In this exercise, print only the lines of the records below from the one with "După autentificarea operatorului" through the one with "Een griezelig t-shirt", inclusive. Pictures are not part of the copy.

Input for this task:
▼

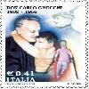 Il 25 ottobre del 2002 l’amministrazione postale ha voluto ricordare il centenario della nascita del Beato Don Carlo Gnocchi con l’emissione di un francobollo policromo. La tiratura è stata di 3.500.000 esemplari. Il francobollo su bozzetto di Rita Fantini raffigura in primo piano l’immagine di Don Carlo abbracciato ad un bambino e a destra bambino infermo di spalle, sullo sfondo in alto a destra il beato con il cappello degli alpini. Completano il francobollo la leggenda “DON CARLO GNOCCHI”, le date “1902-1956” la scritta “ITALIA” e il valore “€ 0,41”. Stampato presso l’ Istituto Poligrafico e Zecca dello Stato S.p.A. di Roma, in rotocalcografia su carta gommata fluorescente non filigranata, dentellatura a pettine 13 ¼ x 14. Il francobollo ha dimensioni di 30 x40 mm. Carlo Gnocchi nacque a San Colombano al Lambro, vicino a Lodi il 25 Ottobre 1902.Dopo la morte del padre nel 1907,si trasferì a Milano con la madre ed i due fratelli, che moriranno entrambi di tubercolosi di lì a poco. Nel 1925 fu ordinato Sacerdote. Allo scoppio della guerra, Don Carlo si arruola nel 1940 come cappellano alpino volontario. Partecipa alla guerra, dove viene miracolosamente salvato. Descrisse i giorni della spietata ritirata nelle pagine del suo libro “Cristo con gli alpini”. Fu in tali circostanze che maturò la sua grande idea di carità. Don Carlo Gnocchi è decorato di Medaglia d’Argento al Valor Militare. Tornato in Italia, si prodiga per portare conforto alle famiglie dei caduti e dei dispersi. Nel 1945 a guerra finita ebbe l’incarico di Assistente Ecclesiastico degli studenti dell’Università Cattolica di Milano. In seguito venne nominato direttore dell’Istituto Grandi Invalidi di Arosio dove accolse i primi orfani di guerra e bambini mutilati, opera che gli valse il meritevole soprannome di Padre dei mutilatini. Nacque così la “Pro Infanzia Mutilata”, che in breve tempo aprì collegi in diverse città italiane. Nel 1952 l’associazione si trasformò in “Fondazione Pro Juventute” .Nel 1955 Don Gnocchi vuole costruire un grande centro riabilitativo per i poliomelitici . Ma purtroppo Don Carlo non potrà vedere completata la sua opera ,che attualmente si compone di 21 centri di assistenza in 9 regioni italiane,34 ambulatori di riabilitazione, 2900 posti letto ed oltre 3000 operatori di sostegno. Una malattia incurabile lo stronca il 28 Febbraio 1956. Le sue ultime parole furono:” Amici, vi raccomando la mia baracca”. L’ultimo suo gesto d’amore fu la donazione delle cornee. Il 20 Dicembre 2002 Don Carlo è stato dichiarato Venerabile da S.S. Giovanni Paolo II, e il 25 Ottobre del 2009 l’arcivescovo di Milano, cardinale Dionigi Tettamanzi ha officiato la cerimonia di beatificazione su decreto firmato dal Papa Benedetto XVI. Don Carlo Gnocchi è ricordato come “l’angelo dei bimbi”.
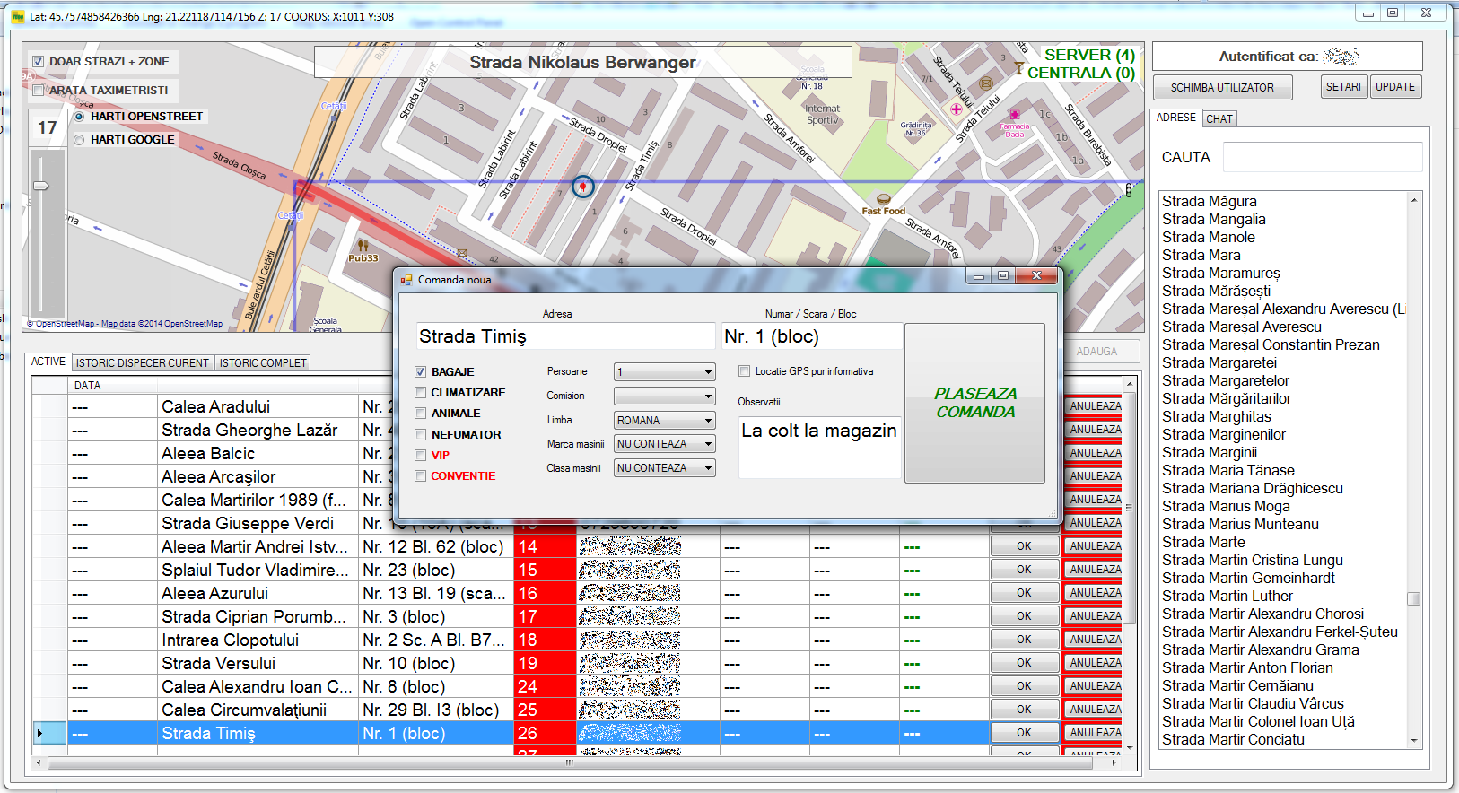După autentificarea operatorului într-un cont dedicat, la intrarea în tură, modulul dedicate dispeceratului;
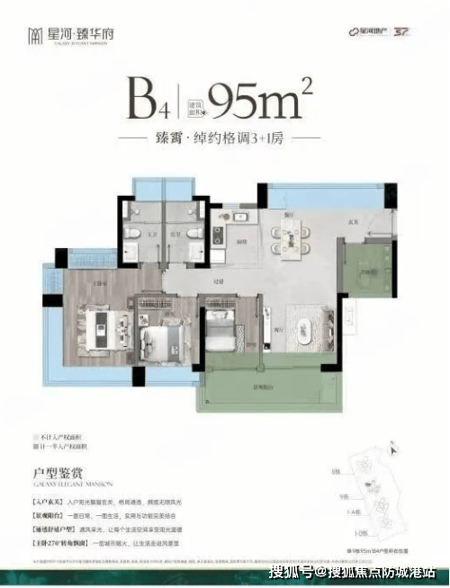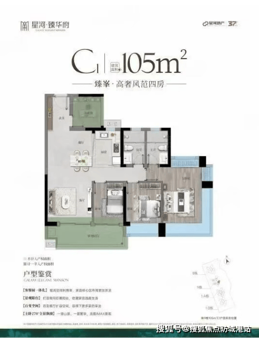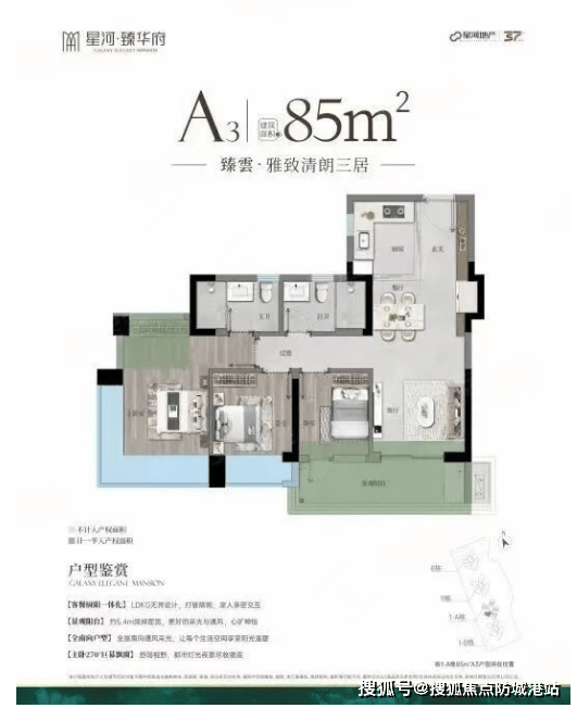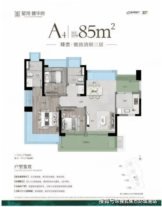 高使用率户型设计:产品建面约85-125平方米的三到四房,使用率接近100%。
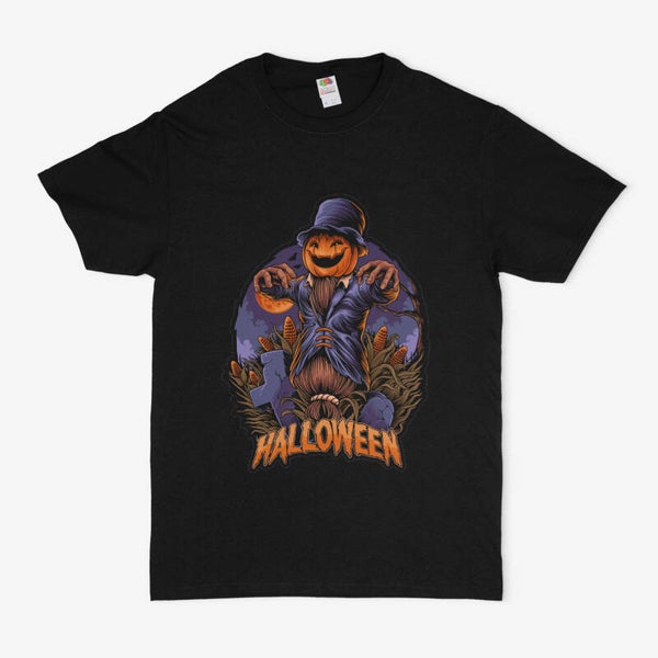 Een griezelig t-shirt met een afbeelding van een spooky Pumpkin vogelvershrikker.
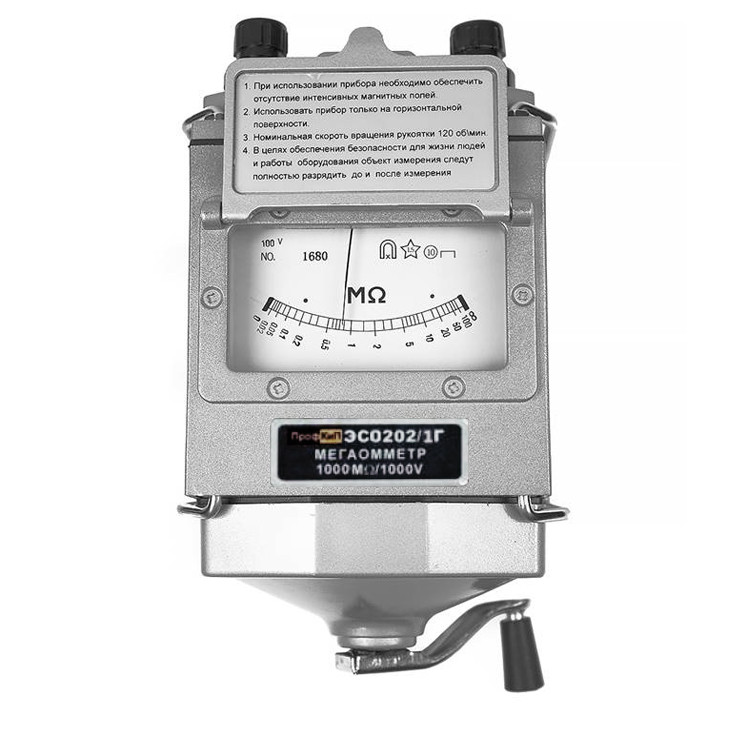 Мегаомметр ПрофКиП ЭСО202/1Г (измеритель сопротивления изоляции ПрофКиП ЭСО202/1Г) предназначен для измерения сопротивления изоляции электрических цепей, не находящихся под напряжением. Мегаомметр ПрофКиП ЭСО202/1Г применяются для измерения сопротивления изоляции электрической проводов, кабелей, разъёмов, трансформаторов, обмоток электрических машин и других устройств, а также для измерения поверхностных и объемных сопротивлений изоляционных материалов. Питание мегаомметра ПрофКиП ЭСО202/1Г осуществляется от встроенного электромеханического генератора.
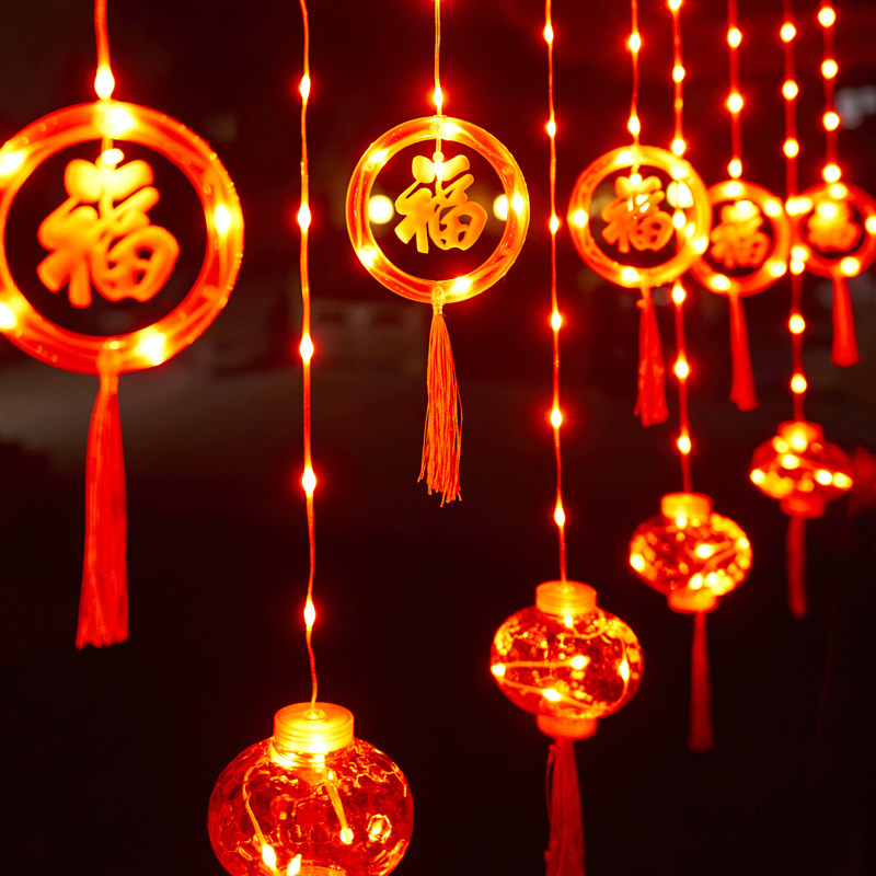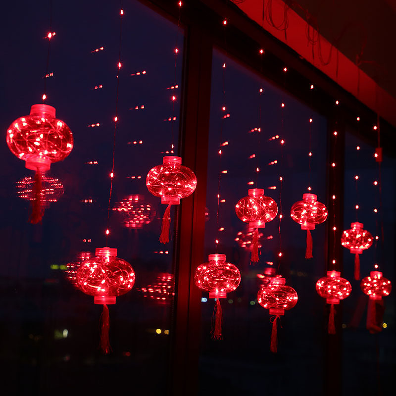 New Year's decorative lights led small colored lights flashing lights for Spring Festival Balcony Hanging Lantern for home Chinese New Year Footypo red lantern string
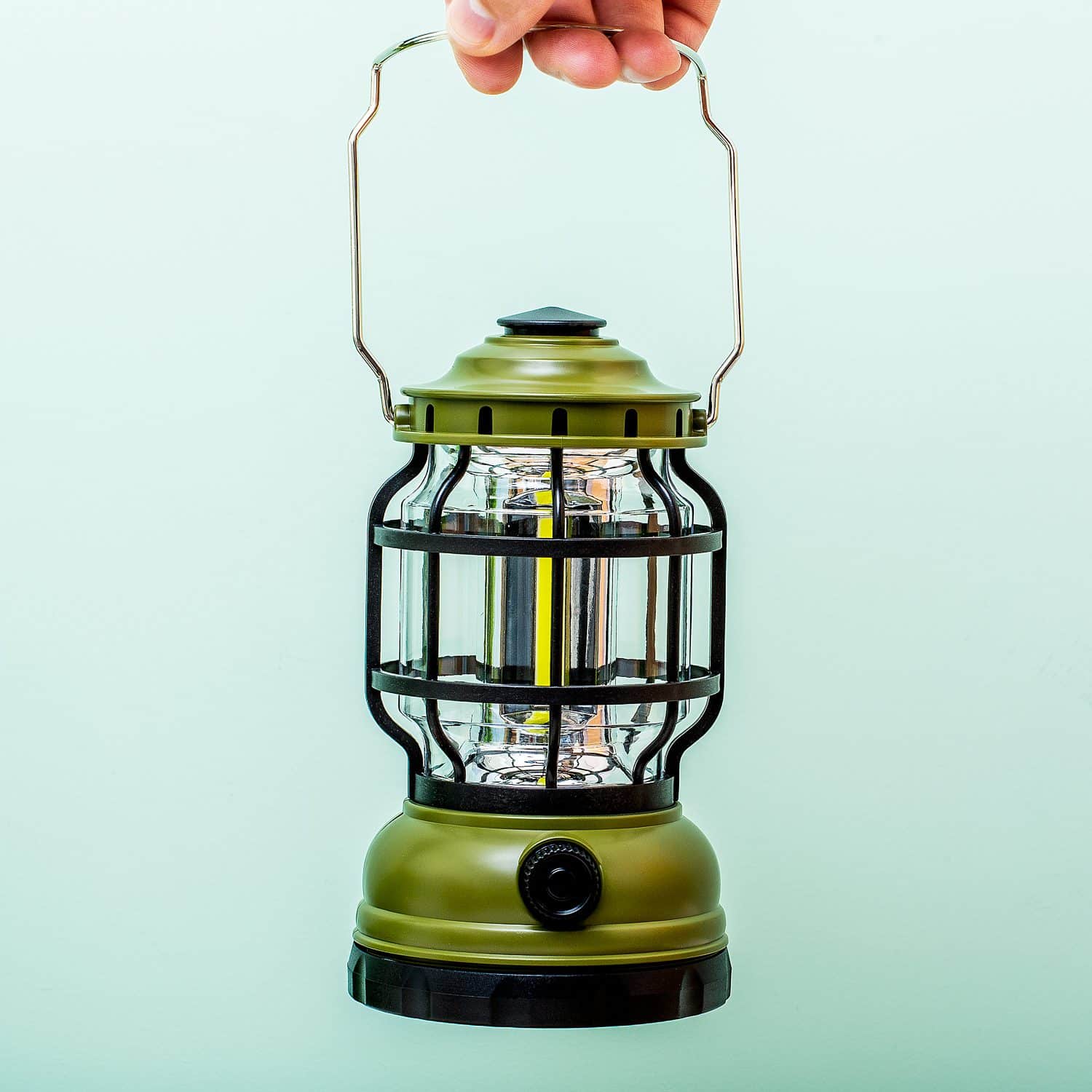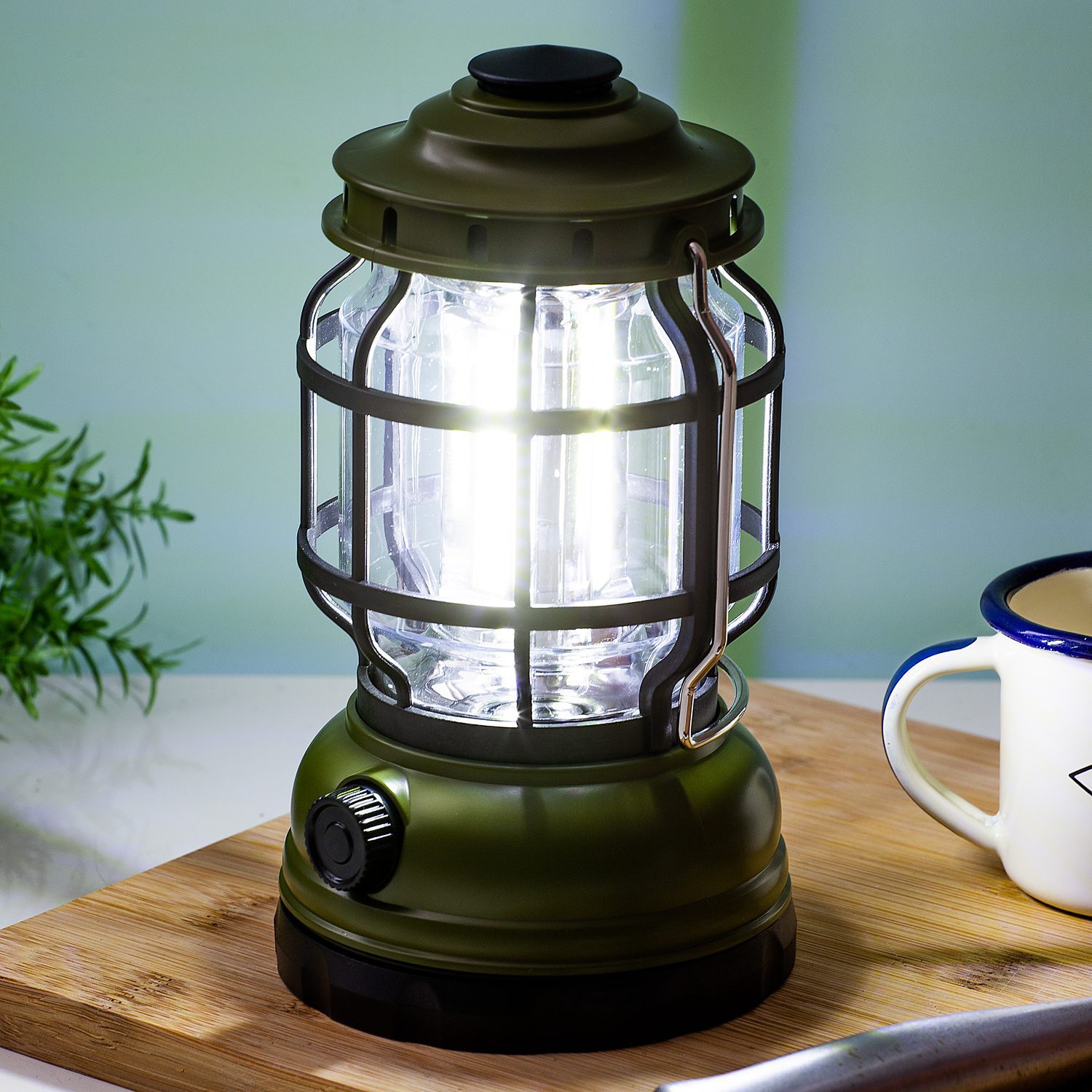 • Stijlvolle olijfgroene led-kampeerlamp
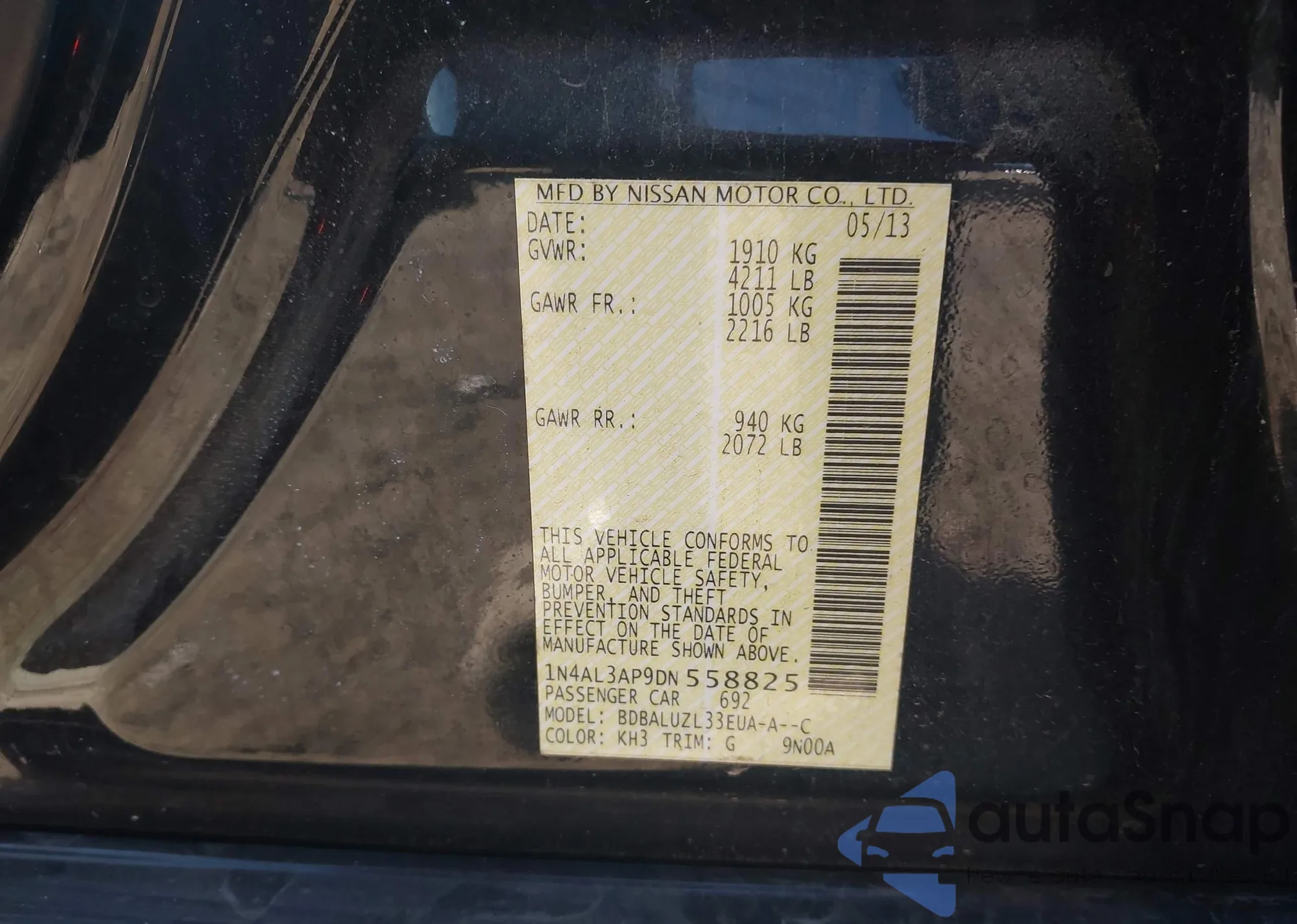 • VIN 1N4AL3AP9DN558825

▲

Result of the task:
După autentificarea operatorului într-un cont dedicat, la intrarea în tură, modulul dedicate dispeceratului;
 高使用率户型设计:产品建面约85-125平方米的三到四房,使用率接近100%。
 Een griezelig t-shirt met een afbeelding van een spooky Pumpkin vogelvershrikker.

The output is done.